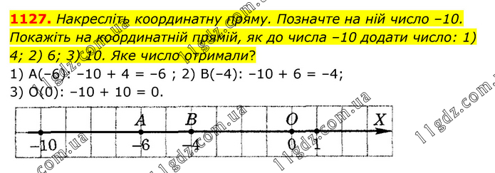 Накресліть координатну пряму. Позначте на ній число –10. Покажіть на координатній прямій, як до числа –10 додати число: 1) 4; 2) 6; 3) 10. Яке число отримали? 1) А(–6): –10 + 4 = –6 ; 2) В(–4): –10 + 6 = –4; 3) О(0): –10 + 10 = 0.
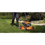 Avec cette tondeuse à essence ; vous obtiendrez facilement d’excellents résultats. Le démarrage se fait sans effort grâce à la fonction de démarrage électrique; tandis que le carter de coupe léger facilite les manœuvres. La lame est optimisée pour le mulching; ce qui transforme l’herbe coupée en engrais naturel. La poignée se replie pour faciliter le rangement et le transport.
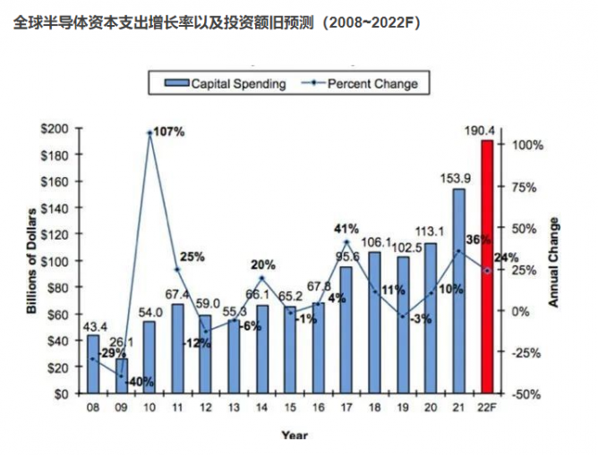 近日,半導(dǎo)體研究機(jī)構(gòu)IC Insights在最新報(bào)告中調(diào)整了對(duì)2022年全球半導(dǎo)體資本支出的預(yù)測(cè)。今年年初,IC Insights預(yù)測(cè)2022年全球半導(dǎo)體資本支出為1904億美元,同比增長(zhǎng)24%;調(diào)整后的新預(yù)測(cè)為1855億美元,增長(zhǎng)率為21% 。盡管有所下調(diào),但資本支出仍是新高。
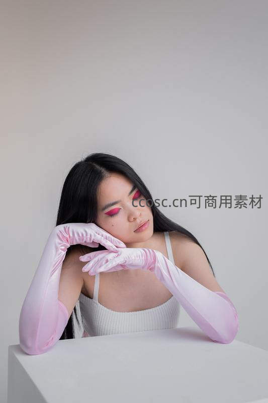 一位年轻女性佩戴粉色长手套,双手托腮,眼神低垂,妆容精致,背景纯白,突出其面部表情与手部细节,营造安静、内省的艺术氛围。
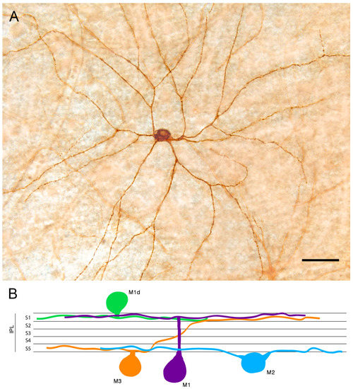 Melanopsin-containing ganglion cells are distributed throughout the inner nuclear and ganglion cell layers of the retina [45,46,47]. They can be classified into different cell subtypes depending on the location of their dendritic arborization within the inner plexiform layer (IPL), their retinal connections, and light responses [48,49,50]. According to morphological and physiological features, six types of melanopsin ganglion cells (M1 to M6) have been identified [6,50,51,52,53,54,55,56,57,58]. Three of these cell classes (M1, M2, and M3) have been described using traditional immunohistochemistry methods [37,42,59,60,61,62,63], while M4, M5, and M6 types express levels of melanopsin that are too low to be reliably detected by conventional immunostaining. These last types have been mainly detected by using signal-amplification immunolabeling methods or mouse reporter lines expressing fluorescent proteins under specific promoters. M1 cell dendrites stratify exclusively in the outer margin of the IPL (stratum S1), M2 cells project their dendrites to the inner margin of the IPL (stratum S5), and the less abundant M3 cells stratify in both the outer and inner margins of the IPL (S1 and S5, respectively). Nonetheless, the inclusion of M3 cells as a distinct melanopsin cell type remains controversial due to their lower density and their morphological and functional similarities with M2-type cells, so that the bistratified population of melanopsin cells has been suggested not to be an independent cell type [51,64,65]. Most subtypes of melanopsin-positive cells have the cell body in the ganglion cell layer (GCL) of the retina, but a population of M1 cells has the soma located in the inner nuclear layer (INL) [66]. These cells are called displaced M1 cells (M1d). The typical morphology of an M1d cell and a schematic representation of mRGC types revealed by conventional immunostaining are shown in Figure 1.

══════════

- [Directions]: Give again, word for word, every line from the top of the entries above to the line holding "一位年轻女性佩戴粉色长手套,双手托腮,眼", both included. Leave the pictures out.

- [Finished task]:
 Накресліть координатну пряму. Позначте на ній число –10. Покажіть на координатній прямій, як до числа –10 додати число: 1) 4; 2) 6; 3) 10. Яке число отримали? 1) А(–6): –10 + 4 = –6 ; 2) В(–4): –10 + 6 = –4; 3) О(0): –10 + 10 = 0.
 Avec cette tondeuse à essence ; vous obtiendrez facilement d’excellents résultats. Le démarrage se fait sans effort grâce à la fonction de démarrage électrique; tandis que le carter de coupe léger facilite les manœuvres. La lame est optimisée pour le mulching; ce qui transforme l’herbe coupée en engrais naturel. La poignée se replie pour faciliter le rangement et le transport.
 近日,半導(dǎo)體研究機(jī)構(gòu)IC Insights在最新報(bào)告中調(diào)整了對(duì)2022年全球半導(dǎo)體資本支出的預(yù)測(cè)。今年年初,IC Insights預(yù)測(cè)2022年全球半導(dǎo)體資本支出為1904億美元,同比增長(zhǎng)24%;調(diào)整后的新預(yù)測(cè)為1855億美元,增長(zhǎng)率為21% 。盡管有所下調(diào),但資本支出仍是新高。
 一位年轻女性佩戴粉色长手套,双手托腮,眼神低垂,妆容精致,背景纯白,突出其面部表情与手部细节,营造安静、内省的艺术氛围。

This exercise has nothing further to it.